Wieder verspürte Jade den Impuls, zum Kapitän zu gehen. Aber sie hatte nach wie vor keinen Beweis in Händen. Am besten wäre es, die Juwelen in Roxannes Besitz sicherzustellen. Dafür musste diese den Schmuck jedoch erst einmal gefunden haben …
Und was ist mit Ann, rätselte Jade. Lebte sie noch – und falls ja, wo wurde sie versteckt? Wenn Ann von Roxanne gekidnappt worden war – Ann war eine erstklassige Belastungszeugin.
Obwohl Jade sie nicht persönlich kannte, war sie ihr durch das Videotagebuch seltsam vertraut geworden. Es kam Jade fast vor, als wäre eine Freundin entführt worden. Vielleicht konnten sie und Ann ja wirklich eines Tages Freundinnen werden. Jade zweifelte nicht daran, dass sie sich mit Ann gut verstehen würde – auch wenn die eine Millionärstochter war.
Jade blickte auf ihre Armbanduhr und stand langsam auf. Es war bald Zeit für ihr morgendliches Power-Workout. Trotzdem wartete sie noch ein paar Minuten, bevor sie das Gym verließ. Vorsichtig sah sie sich um. Die Luft schien rein zu sein, jedenfalls konnte Jade weder Roxanne noch Nelligan erblicken.
Ein halbes Dutzend Springseile über dem Arm, eilte sie zum Sonnendeck.
Am Himmel ballten sich düstere Wolken, Sprühregen ging auf das Schiff nieder. Es war kein ideales Wetter, um draußen Sport zu treiben. Dennoch wartete Jade. Als nach einer Viertelstunde kein Passagier erschienen war, ging sie ins Sunlight Bistro, das direkt neben dem Sonnendeck lag. Vielleicht konnte sie ihren Kurs hier abhalten.

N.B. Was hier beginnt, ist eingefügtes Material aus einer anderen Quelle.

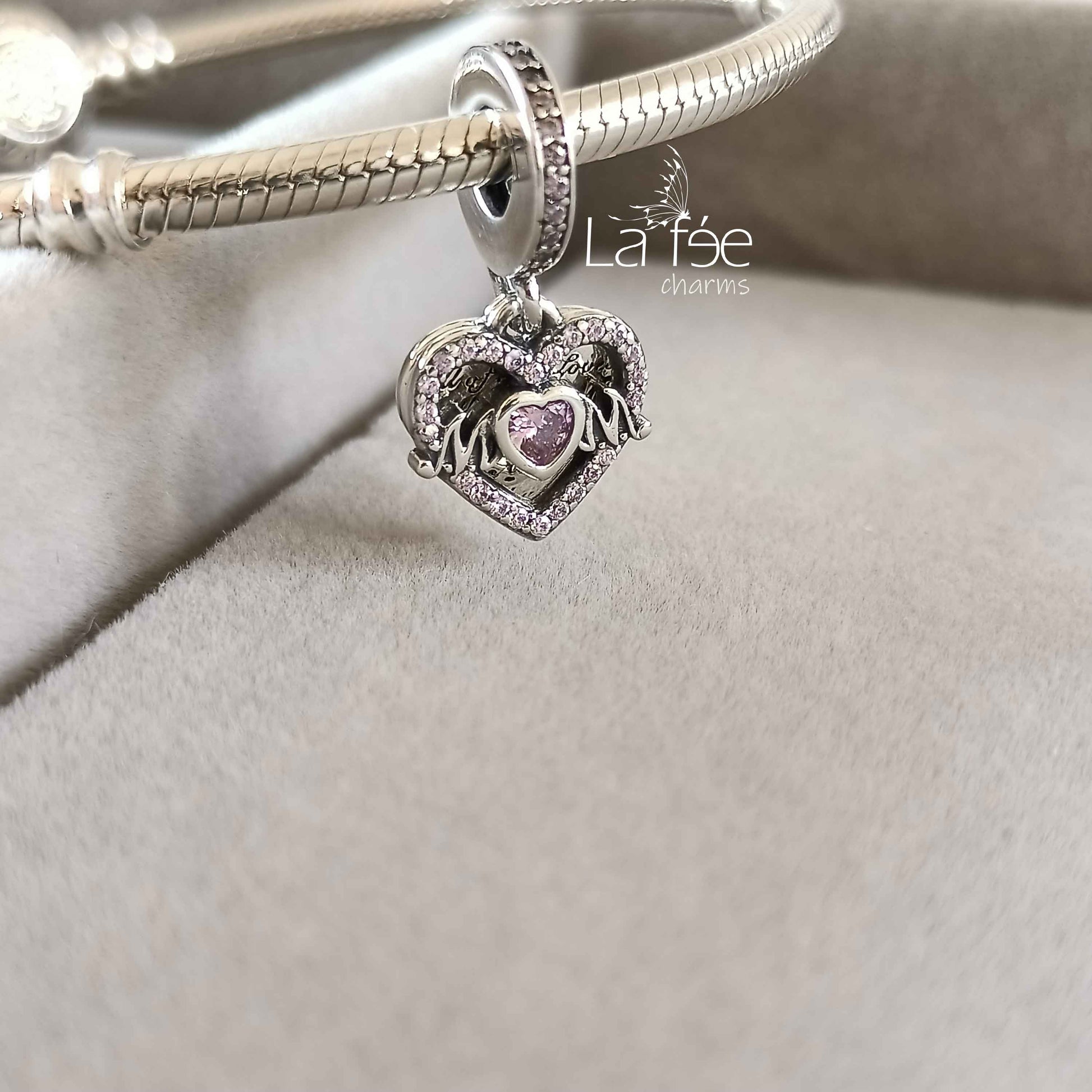 Charm Colgante Corazón Mamá con Zircones

„Wahrscheinlich sind die Ladies alle seekrank“, meinte Henry, nachdem er sich zu Jade gesetzt und sie ihm erzählt hatte, dass ihre Kursteilnehmerinnen fortgeblieben waren. „Du glaubst nicht, wie viele Kreuzfahrtpassagiere einen schwachen Magen haben.“
Das konnte Jade von sich zum Glück nicht behaupten. Sie spürte natürlich auch die Schiffsbewegungen, aber ihr wurde davon nicht übel. Aber Henry hatte recht. Im Moment hielten sich nur wenige Passagiere im Bistro auf.
Die perfekte Gelegenheit, um zu recherchieren, dachte sie.
In diesem Moment verabschiedete Henry sich, weil er zurück an die Arbeit musste.
Da ihr Notebook gestohlen worden war, ging Jade in die Schiffsbibliothek. Dort standen zwei PCs zur kostenlosen Nutzung bereit. Offenbar hatte an diesem stürmischen Morgen niemand Lust, die Nase in ein Buch zu stecken. Jedenfalls war Jade allein der Schiffsbücherei. Gespannt fuhr sie einen der Computer hoch.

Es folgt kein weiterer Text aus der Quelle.